Data were organized using Microsoft Excel® spreadsheets (Microsoft Corporation, Washington, USA). Statistical analysis were performed using Stata® statistical software 14.0 (StataCorp, Texas, USA). Descriptive statistics were run to describe absolute and relative proportion according to the NOVA classification and contribution of groups to the total offer of energy, macronutrients, and sodium. Student’s t-test with equal or unequal variances were applied for comparison between Groups A and C, based on the variables behavior. Group B was not included because we found no meals to be classified in it. Differences were considered statistically significant if p<0.05.

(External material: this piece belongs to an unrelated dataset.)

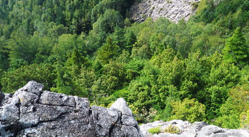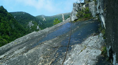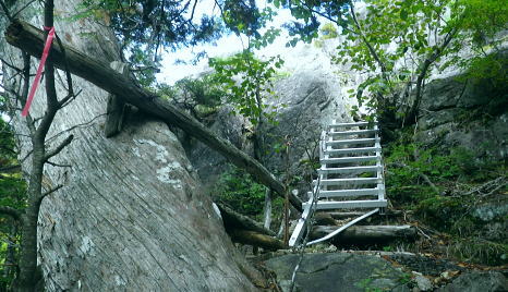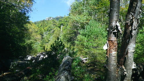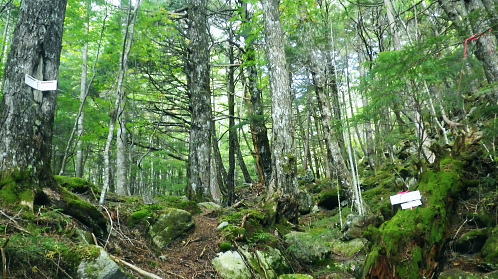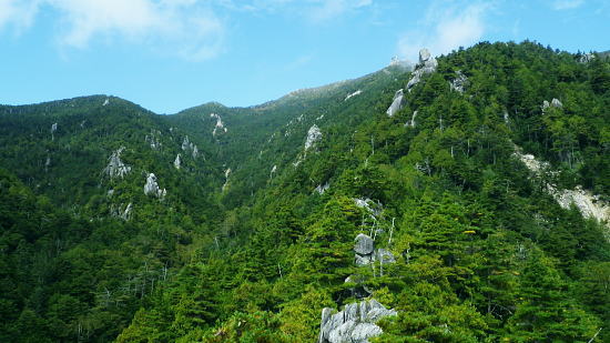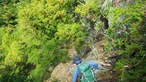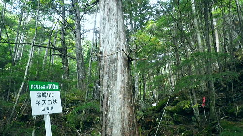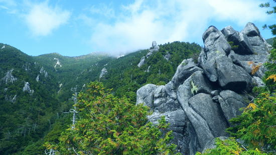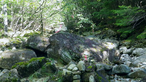 | 半世紀振りの秩父金峰山. 懐かしい旧表参道とこれまた懐かしいクリスタルラインを通り.秩父大弛峠へ・・奥秩父の主峰 アコウ土場から旧表参道に廻り込み.金峰山へ五丈岩を直上し大弛峠に至るコース。 荒川を渡渉し金峰山旧表参道に入り.鶏冠岩.奇岩.隻手廻り岩を越え五丈岩に立つ。締めはこれまた懐かしい大弛峠へ 2018年09月23日.松村 荒川を渡渉し旧表参道と2100m圏の大岩・・デマンドタクシー 隻手廻し岩.五丈岩から金峰山・・下りは大弛峠 北奥千丈ケ岳から連なる大鳥山鳥ノ尾根 クリスタルラインから川上牧丘林道へ.7:47正面は 大久保山南東尾根・・再び柳平へ琴川沿いに遡る 古くから信仰の山でもあり.10代の後半に初めてこの山域に入り.当時は幾度となく金峰山周辺を登り返していた。 時が経ち忘れられた山域になってしまったが昨年は北奥千丈ケ岳から石楠花新道を訪れ.大ダワから徳和に下りたのを切っ掛けに. 先々月は国師岳から鳥ノ尾根を下り.もう一つの金峰山の参拝道を綴り.窪平の金桜神社脇に下りている。 その道中から金峰山を望み.頂から南方に派生する表参道の尾根を見て.気を高ぶらさせていた。昔金峰山へ集中登山したルートの1つでもある。 昇仙峡の金桜神社からの表参道. その一部分だが荒川の上流部から取付き.表参道と合せ金峰山五丈岩を目指すことにした。 入山のアプローチは昇仙峡からではなく.東口の御岳道・・前回の下山した鳥ノ尾根からの杣口.金桜神社に至る尾根。 今回はこの琴川沿いの金柵神社を塩山駅発のデマンドタクシーにお願いし繋ぎ.終点の大弛峠に至る林道から表参道に入る。 アコウ平 1940m圏.ミラーポストには「アコウの土場(とば)」とある.8:409月23日(日)晴後曇 jr御徒町.京浜東北線¥1944. 4:49=4:53神田5:00=6:13高尾:14=7:22塩山.デマンドタクシー¥1000=柳平.¥800=8:40アコウ平. 今までと同様にデマンドタクシーを利用し県道219号線(クリスタルライン)を通り.乙女湖にでて.川上牧丘林道から荒川流域を目指す。 山行前は連日降雨に見舞われ。昨日漸く秋霖前線が伊豆諸島に南下.その合間の晴天を狙い山に入る。 東京では午前中.小雨が残るも甲府市では2日続きの晴れ間をみ.一日の間を開け減水した荒川を楽に渡渉し.初秋の登山日和に迎えられた。 高尾付近では小雨に見舞われたものの小仏トンネルを抜けると雨雲は途切れ.四方津を過ぎてからは西方に青空が見え始めていた。 敬老の日,三連休の中日で16名がデマンドに乗車。柳平では林道の規制から小型車に分乗し.途中のアコウ平で降りたのは私一人だけだった。 「大弛峠までに6km」の表示を過ぎ.アコウ沢橋を渡った50m先にある空地のアコウ平に下車した。車4台が駐車していた。釣師が多いらしいP8台. この広場下部に奥千丈林用軌道跡がある。過ってそこから牽道で引き上げ.木材をトラックで搬送していたと思われる。 シラベの森.8:418:40アコウ平一9:10荒川渡渉地点一10:06御室小屋跡一「ネズコの森」一11:30鶏冠岩. 1960年4月にRHC入部.5月より翌年に掛け.2年間続けて金峰山を中心に新人養成合宿の集中登山している。 水晶峠コース.梓川コース.川端下コース(女子)の3隊に分け金峰山を目指し.下山は金山から木賊峠.黒平を経て猫坂を下り昇仙峡の金桜神社に至る。 この水晶コースは平安時代から山岳信仰の対象として開かれ.「甲斐国史」によると江戸時代には参拝のための参道が甲州側.信州側合わせて. 9本が設けられていた。その中で昇仙峡の金桜神社から金峰山奥社への御岳道は表参道と呼ばれている。 今回の入山アプローチとして東口の参道を持つ川上牧丘線の里宮.杣口の金桜神社前を通るルートを取っていた。 表参道は甲府から弥三郎岳〜金桜神社〜黒平〜金峰山へと山岳信仰の道が開かれていた。 又以前下山したコースは3日目に富士見平から金山峠一金山平一大野山林道一木賊峠一池ノ平林道一黒平一奥御岳林道から金櫻神社bsに降りている。 現在の地形図「金峰山」には破線と林道として残されをり今は歩むハイカーも少なく.一部で廃道化が進んでいる。 金桜神社からコースは奥御岳林道.マウントピア黒平を経て甲府市民いこいの里.甲府市森林浴広場を北上し水晶峠.御室小屋跡地から五丈岩肩に至る。 私は長い道中を割愛し.デマンドタクシーを利用. ほぼ杣口からの表参道を綴り入山した。 東口の参道は窪平から琴川沿いに遡り.杣口の金桜神社を参し.更に琴川を遡り柳平から荒川を越している。・・県道219号線(クリスタルライン) そして第2林道の大弛峠手前にある荒川脇のアコウ平に至り.ここを登山口とし.昇仙峡からの表参道と合わさせ.金峰山を目指すことにした。 古い林班境界標柱.8:51「46年度人工造成地.2林班を小班,シラベ.」牧丘営林区, アコウ平から北側の斜面を荒川に向かい高度にして50mほど下ると川沿いの左岸山腹に回り込み.旧森林軌道跡地にでる。 南西に向かうシラベの水平道は昔の間々のレールが残されていると聞くも.既に軌道は取り外されていた。枕木は残されている。 牧丘営林区の林班
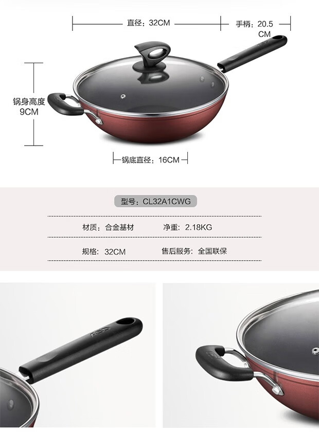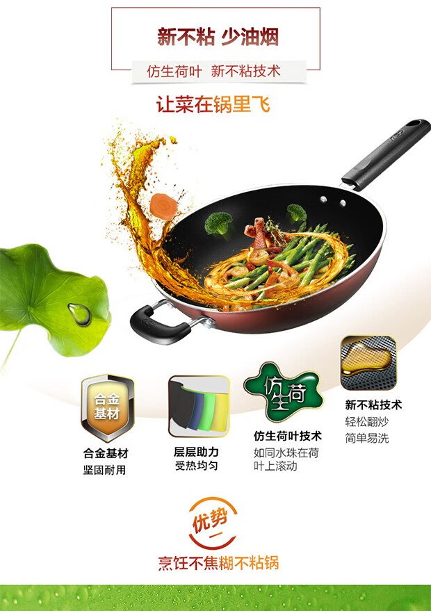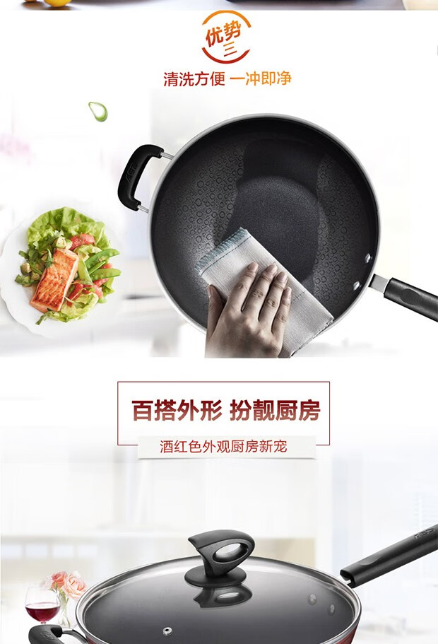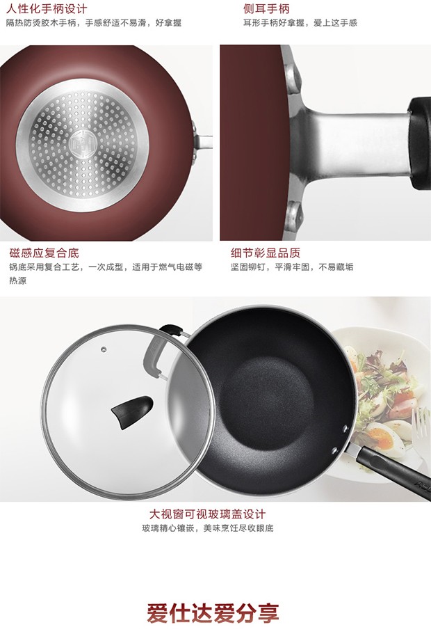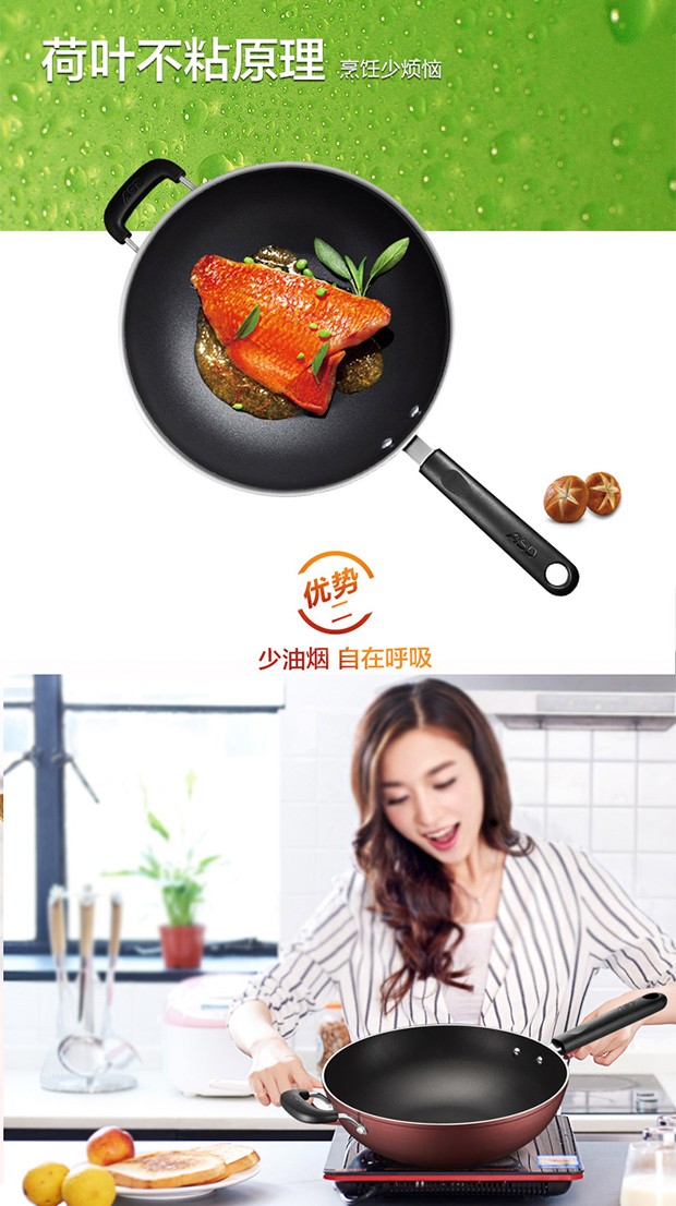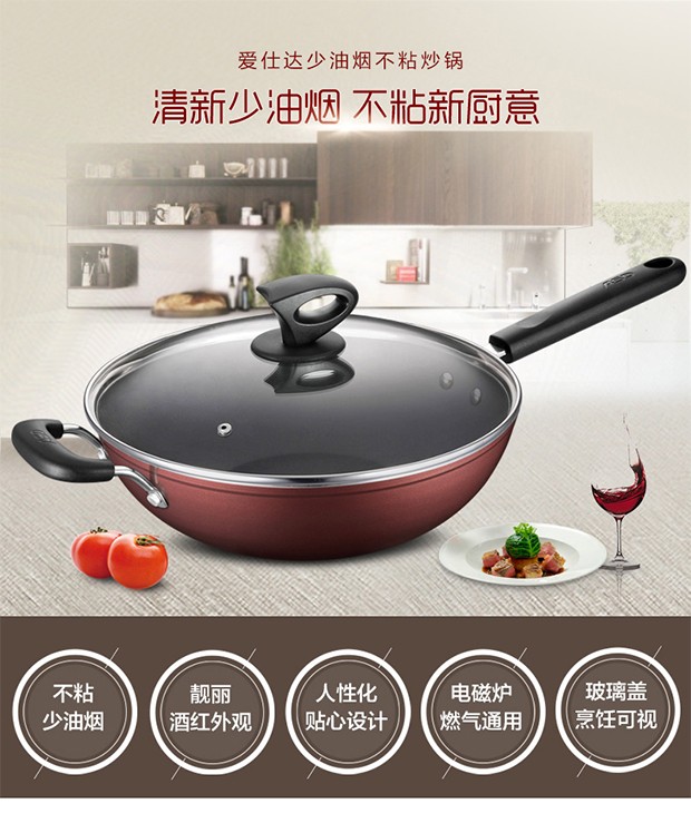 京东自营爱仕达(ASD)炒锅 复底紫色合金带盖不粘锅平底煎锅轻便型 燃气电磁炉通用 32cm

The project was approved by the Committee on Ethics in Research in Human Beings of the Health Science Sector of the Federal University of Paraná (UFPR, Universidade Federal do Paraná), CAAE n° 11460612.8.0000.0102, and authorized by the Department of Education, Culture and Sport of the municipality.

RESULTS

A summary classification of the food offered by the school feeding system is presented in Table 2. From the 123 samples, 61.0% (n=75) were classified into group of unprocessed/minimally processed/culinary preparations, and 39.0% (n=48) were classified into UPF group. Homemade meals were the most frequently food item offered from group of unprocessed/minimally processed/culinary preparations and were present every day (100%) at lunch and in eighteen out of twenty days (90%) at dinner. Furthermore, the most frequently offered product from UPF group was porridge, which was served every day for breakfast (100%) and in nine days as an afternoon snack (45%) (Tables 1 and 2).

Table 2
Foods offered by school feeding to children aged 12-36 months, according to the degree of processing. Colombo (PR) Brazil, 2013.

In Figure 1, we can see an overview of the groups’ contributions to the total energy and nutrients. Group of unprocessed/minimally processed/culinary preparations contributed more than 50% to energy, macronutrients, and sodium. The largest contributions from UPF group were energy (45.76%) and carbohydrates (48.93%).

Figure 1
Contribution of Groups A and C to the total offer of energy, macronutrients, and sodium by school feeding to children aged 12-36 months in child day-care centers. Colombo (PR) Brazil, 2013.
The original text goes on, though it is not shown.